The Sunshine State has officially vaccinated 7,103,884 individuals, according to the latest dataset released Saturday by the Florida Department of Health.
The state technically crossed the milestone Thursday, but because of a reporting lag, the numbers were only reflected in the most recent report. Although the state originally reported 131,879 individuals vaccinated on Thursday, the latest data reported the vaccination of 233,455 individuals.
On Friday, the state administered 125,247 vaccinations.

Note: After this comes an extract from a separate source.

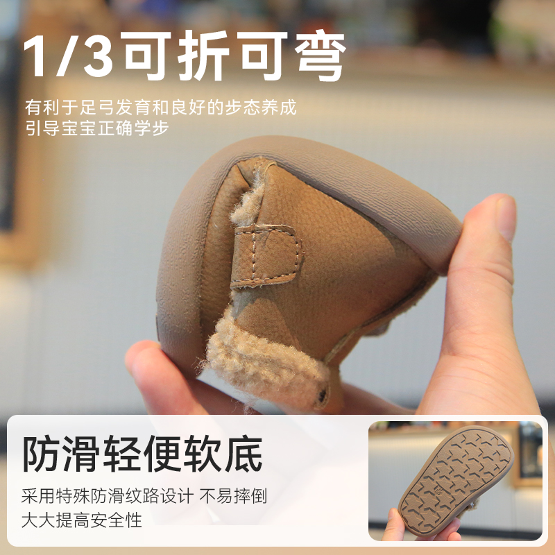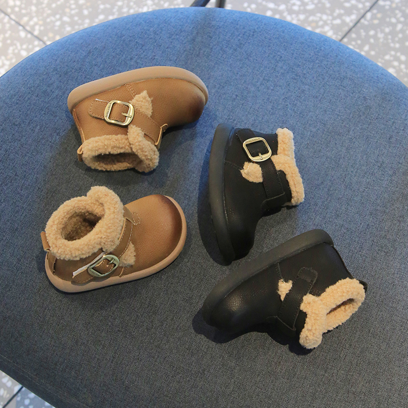 儿童雪地靴羊羔绒宝宝棉鞋冬季新款加绒棉靴女童短靴子软底婴儿鞋

So far, 4,320,977 people have been fully vaccinated, including 431,183 who have received the one-and-done Johnson & Johnson vaccine. The remaining 2,782,907 individuals are awaiting a second vaccine to complete the Pfizer or Moderna two-shot series.
Despite having vaccinated about 33% of the state’s population, Florida is still seeing high daily caseloads.
On Friday, the state confirmed 6,817 new cases of COVID-19, as well as 50 new deaths and 188 additional hospitalizations.
Since the start of the pandemic, Florida has reported 2,118,713 cases of COVID-19, along with 34,676 resulting deaths, made up of 34,014 residents and 662 non-residents.
Florida on Friday processed results for 117,620 COVID-19 tests. Of those tests, 10,043 came back positive, or 8.54%.
Health officials generally consider the spread of the disease under control so long as positivity rates remain below 10%. The threshold has been exceeded twice in the past two weeks, both on Sundays when a relatively low number of tests were processed.
Florida also leads the country in the number of variants reported.
As of Thursday evening, Florida has 3,494 cases of the B.1.1.7 strain, 87 cases of the P.1 mutation and 25 instances of the B.1.351 variant, according to the Centers for Disease Control variant dashboard.
Editor’s note on methodology: The Florida Department of Health releases new data every morning around 10:45 a.m. The total number reported in those daily reports include the previous day’s totals as well as the most up to date data as of about 9:30 a.m.
Florida Politics uses the report-over-report increase to document the number of new cases each day because it represents the most up-to-date data available. Some of the more specific data, including positivity rates and demographics, considers a different data set that includes only cases reported the previous day.
This is important to note because the DOH report lists different daily totals than our methodology to show day-over-day trends. Their numbers do not include nonresidents who tested positive in the state and they only include single-day data, therefore some data in the DOH report may appear lower than what we report.